What is the best way to use the jump squat? Should it be used in the same session as a regular suats in place of? What % of 1rm? Do you do them like a plyo jump or do you reset yourself each time? How for down do you go? etc? Any feedback is appreciated.
I think it depends largely on what phase you are in, volume and type of other plyometric exercises you are doing and also the events you are targeting.
I find jump squats beneficial and do them after short speed/accel work as well as split runs.
An example of the order of intensity
4 x 60 meter lying start
3 x 30 meter standing start
3 sets of double leg bounds or sprint bounds or hurdle hops (bodyweight only)
3 sets of jump squats
2-3 sets powercleans * optional depending on how fried I am after the plyos/speed
2-3 sets front squats
2 sets snatch grip deads
hypers etc etc
Even though the workout listed doesn’t look all that bad it is a pretty intense workout and requires training to get used to the volume and intensity.
As for technique I load about 25-30% of 1RM (95 pounds) and typically do sets of 6 reps or less. I do not go deep (probably between an 1/8th and 1/4 squat and try to be as reactive and explosive as possible. Jump as high as you can while maintaining miminal ground contact. Usually technique and fatigue can set in even after only 3 reps. If it starts to feel slower during the set stop right away.
I hope this helps, there are many ways do approach jump squats.
Cheers,
Chris
I use them together with regular squats.
Either before or together - complexed with the squats, altenratings ets, 2-3 mins between each --> the jumpsquats go higher, the squats go faster.
Don’t bother with % of 1RM, judge by how reactive you are when you do them, I rarely go over 45lbs. You want to be able to bounce up and down with ease. You could go heavier but that would train a different quality I think.

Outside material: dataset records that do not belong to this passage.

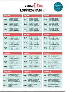 Under 12 veckor bygger du långsamt upp din kondition med 3 löprundor per vecka. Den första dagen springer du 2 x 1 minut. Den sista dagen kan du springa hela 30 minuter – eller cirka 5 km.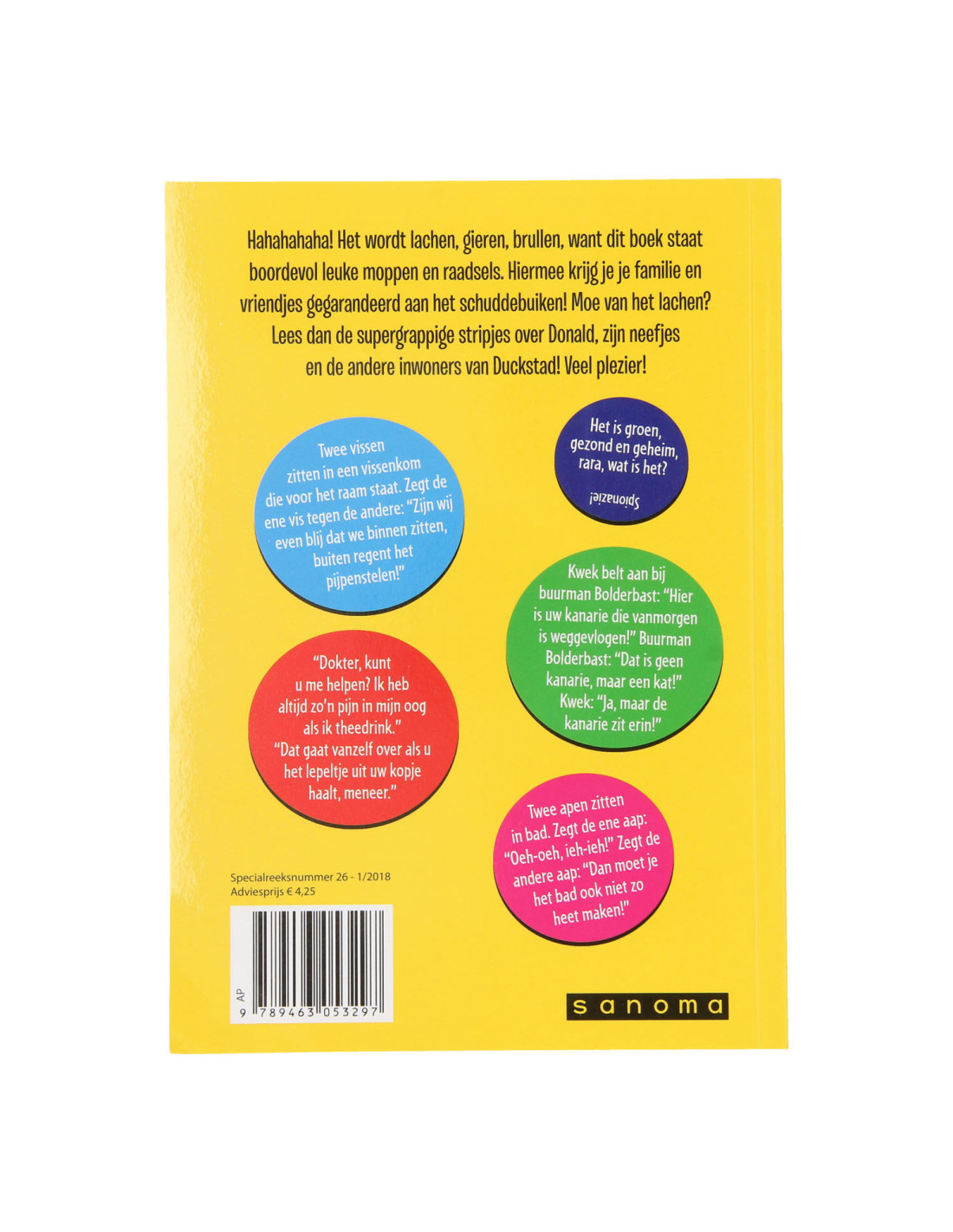 Hahahahaha! Het wordt lachen, gieren, brullen, wat deze boeken staat boordevol leuke moppen en raadsels. Hiermee krijg je je familie en vriendjes gegarandeerd aan het schuddebuiken! Moe van het lachen? Lees dan de supergrappige stripjes over Donald, zijn neefjes en de andere inwoners van Duckstad! Veel plezier!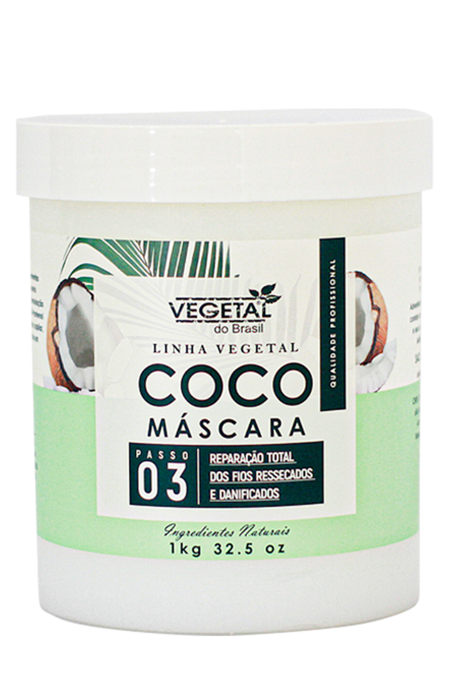 Máscara capilar. Vegetal do Brasil Coco é indicada para reparação total dos fios ressecados e danificados, ideal para quem busca nutrição e hidratação profunda.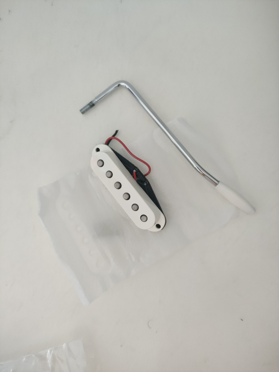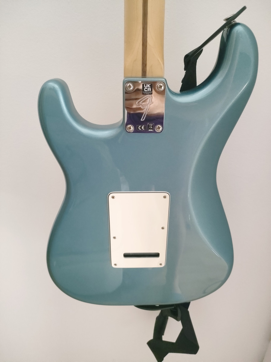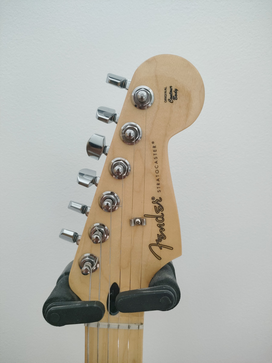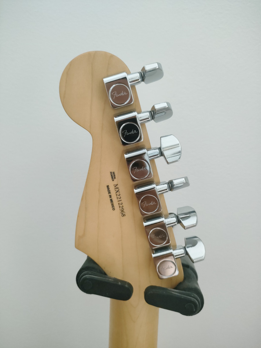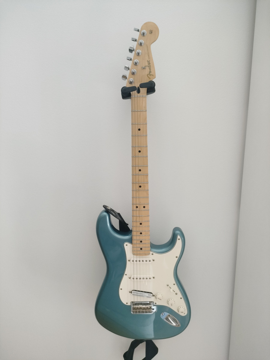 Guitarra Fender Player Stratocaster, fabricada en México. Está en muy estado. Se cambió la pastilla del puente por una estilo hambucker todo hecho por luthier y mantiene la pastilla original.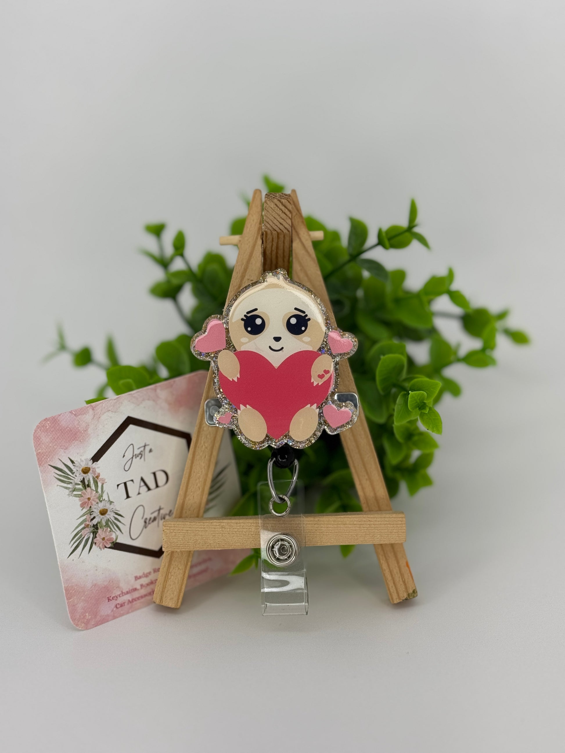 Spread love with this Cute Sloth Holding Heart Glittered Interchangeable Badge Reel Topper. Express your love and affection with the adorable sloth design and easily switch it up with the interchangeable badge topper feature. Perfect for adding a touch of cuteness to your daily work routine.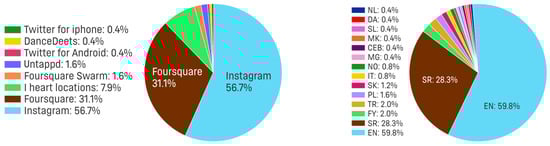 In addition to the spatial and temporal distribution of tweets, their content can be analyzed and classified by language using the TSE application. To repeat, Twitter has the possibility to share the data through different applications, such as Instagram or Foursquare. All used applications by Twitter are included in the language analysis (Figure 13, left). The share of used languages on tweets collected in the analyzed area was as shown in Figure 13, right.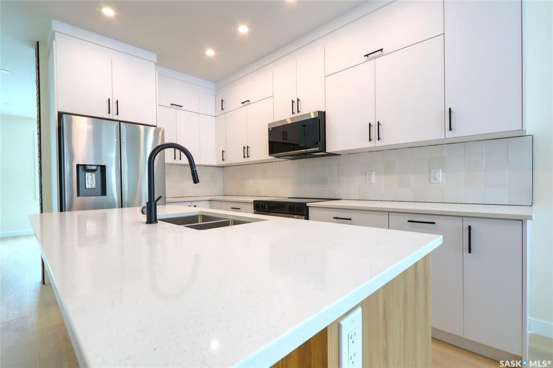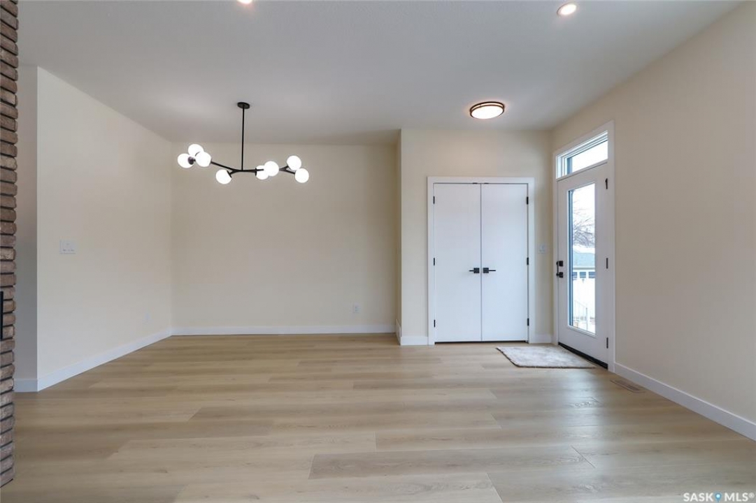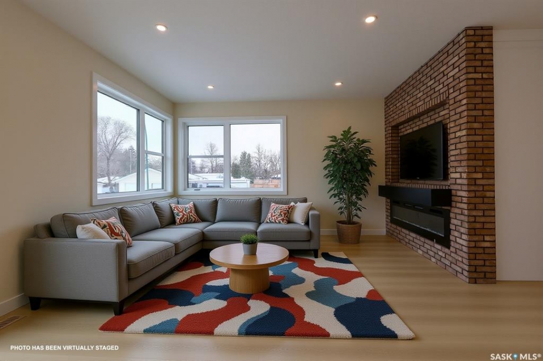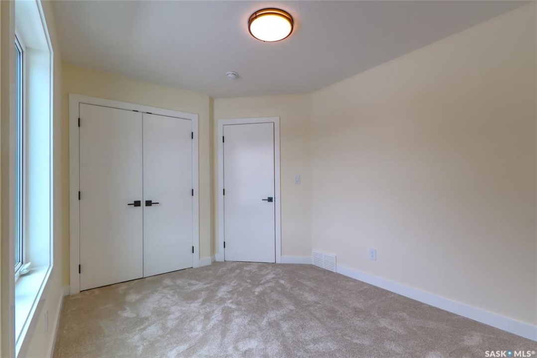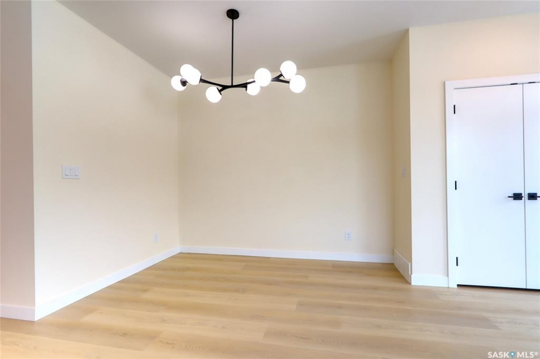Welcome to this beautifully constructed 2-storey home offering 1,576 sqft of thoughtfully designed and highly customized living space. From the moment you enter, you're greeted by a warm and inviting foyer that sets the tone for the rest of the home. The main floor features a stunning, oversized kitchen complete with tall white cabinetry, ample counter space, and a layout perfect for both everyday living and entertaining. The open-concept design flows seamlessly between the dining area and spacious living room, highlighted by a striking brown brick feature wall with a sleek electric fireplace. A convenient 2-piece bathroom completes the main level. Upstairs, you'll find three well-appointed bedrooms and two full bathrooms. The primary suite offers a private retreat with a walk-in closet and its own 3-piece ensuite. The additional bedrooms are generously sized and ideal for family, guests, or a home office. The basement is unfinished and ready for your personal touch, featuring a separate side entry—an excellent opportunity for future basement suite development or added income potential. Outside, the rear of the property includes a parking pad with space for two vehicles, with the option to develop a full two-car garage. Located in the Arnhem Place neighbourhood of Regina, this home offers convenient access to downtown, schools, parks, and public transit. Nearby amenities, shopping, and services make daily living easy, while the proximity to University of Regina and Saskatchewan Polytechnic adds to the property's appeal for families, professionals, and investors alike. This home is protected by the Saskatchewan New Home Warranty Program, providing 1-year comprehensive coverage, 2-year mechanical systems coverage, and 10-year structural coverage — giving buyers complete peace of mind with their investment. A fantastic opportunity to own a modern, move-in-ready home in a mature neighbourhood with excellent potential.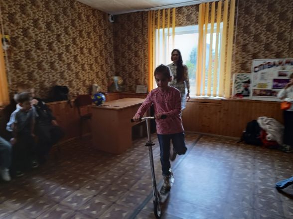 Тетяна бере до рук самокат і показує, що потрібно робити: прокататися і проспівати своє ім’я. Першим пробує Кирило. У хлопчика дуже гарно виходить виконати вправу: однокласники йому аплодують.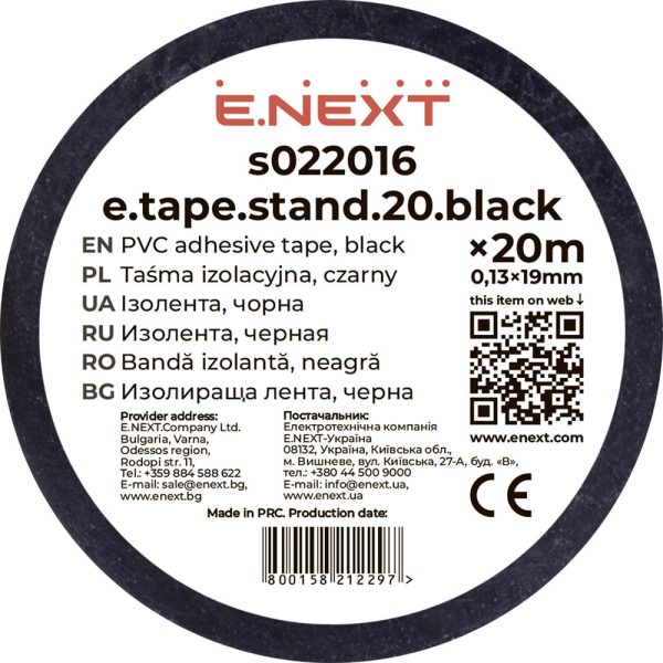 Ізострічка ПВХ 0,13х19х20м (чорна) “Е-НЕКСТ”

Poliquin says, 20% of a powersnatch, Russians say 20% of a limit Clean and Jerk, others say 15-20% or 30% of a squat —> er but what type of squat?
I say go by feel.
I do both rock bottom and regular quarter squat style - depending on what quality I’m trying to train. Rock bottom ones are easier on the knees with heavier weights.
Sometimes adding a 10 sec isometric hold at the start of set at the bottom of the jump squat in either style.
I never do more than 5 reps, 3 reps is the usual figure.
Again you can reset if want to train a different quality. Each and every variation can and should be used. cycle em and the loads used.